Although the present invention has been described with reference to the preferred embodiments, those skilled in the art will recognize that the present invention can be used in various ways without departing from the spirit and scope of the present invention described in the claims. It can be understood that modifications and changes can be made.

Claims (13)

In a bias fabric manufacturing apparatus, guide means having a pair of guide bars for guiding a tubular fabric woven with a warp and weft crossing angle of 90 degrees; oblique to the traveling direction of the tubular fabric guided by the guide means Cutting means having a disc-shaped cutting blade for cutting a radial one side of the tubular fabric in the direction; and guiding the tubular fabric while continuously rotating through the guide means, and cutting the cutting means by the cutting means A winding means having a winding roller for winding the bias fabric ,
The apparatus further comprises air blowing means for supplying air between the tubular fabrics so as to facilitate cutting of the guided tubular fabric and winding of the cut biased fabric, and the air blowing means is an air blower; An apparatus for producing a seamless bias fabric using a tubular fabric, comprising: a blowing nozzle disposed between one end of a guide bar; and a flexible connecting pipe connecting the air blower and the blowing nozzle .   2. The guide bar according to claim 1, wherein the guide bar has a rod shape and is rotatably arranged, and the guide bar is disposed on the front side of the winding unit from the front side of the winding unit with respect to the rotation center axis of the winding roller.

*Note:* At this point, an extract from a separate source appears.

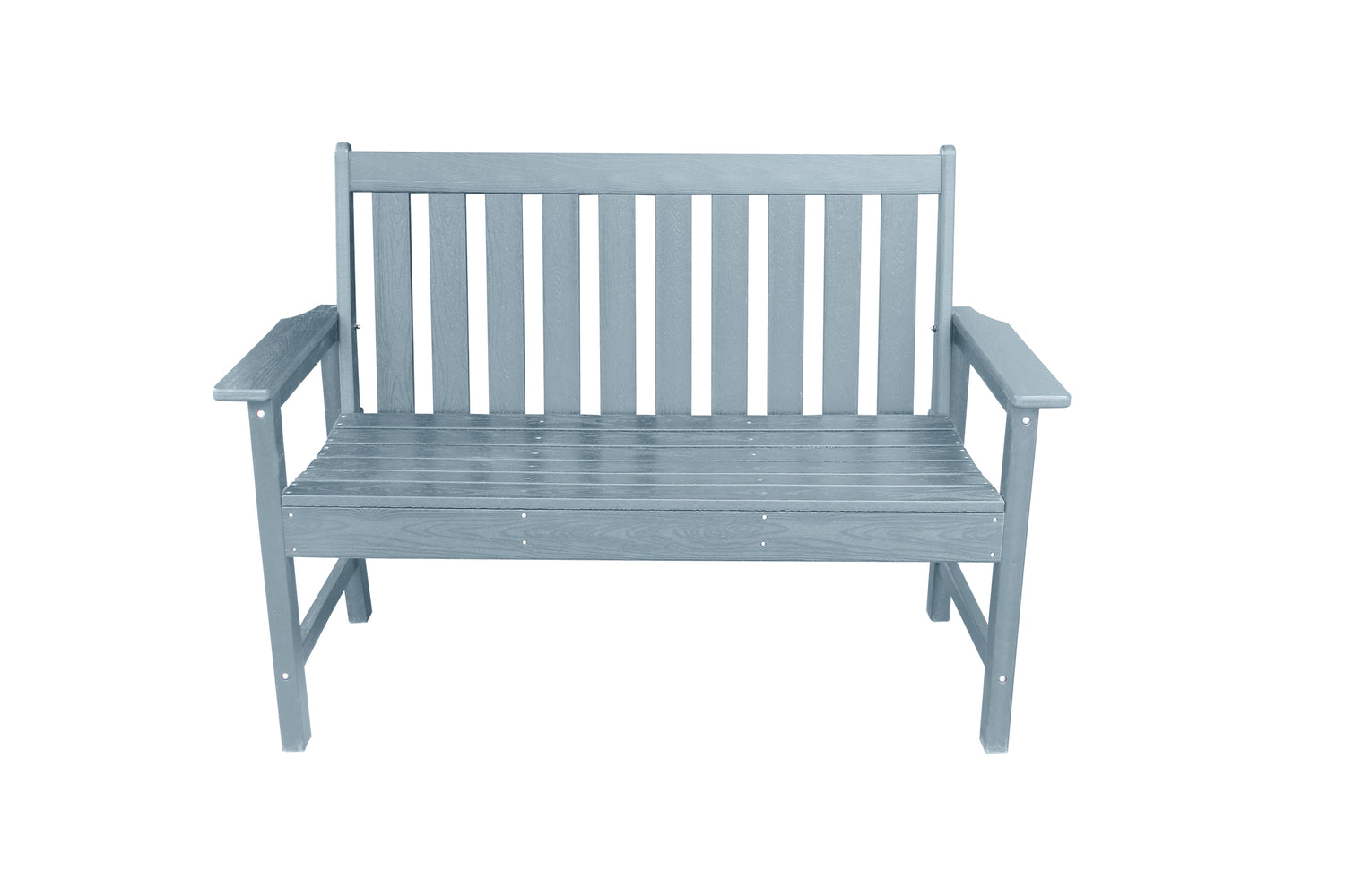 WATERPROOF HDPE: Crack, splinter, and fade-resistant, your Vienna 2 Seat bench is built to last. The outdoor chair is finished with a wood grain effect, so you can enjoy the aesthetic charm without all the upkeep.

A seamless bias fabric manufacturing apparatus using a tubular fabric characterized in that the rotation center axis of the bar is extended so as to form an oblique cross.   In Claim 1, The said tubular fabric is inserted in a pair of said guide bar, The said tubular fabric inserted in a pair of said guide bar is expanded so that a cross section may become a "⊂⊃" shape. Seamless bias fabric manufacturing device using tubular fabric.   2. The tubular fabric according to claim 1, wherein the bias fabric cut by the cutting means is wound around the winding roller that is oblique to the guide bar along the rotation direction of the winding roller. Is a seamless bias fabric manufacturing apparatus using a tubular fabric, which is rotated to one side by being guided obliquely with respect to the winding roller. The guide means according to claim 1, further comprising a first angle adjustment unit that rotates the guide bar so that the cutting means is inclined by a predetermined bias angle with respect to the traveling direction of the tubular fabric .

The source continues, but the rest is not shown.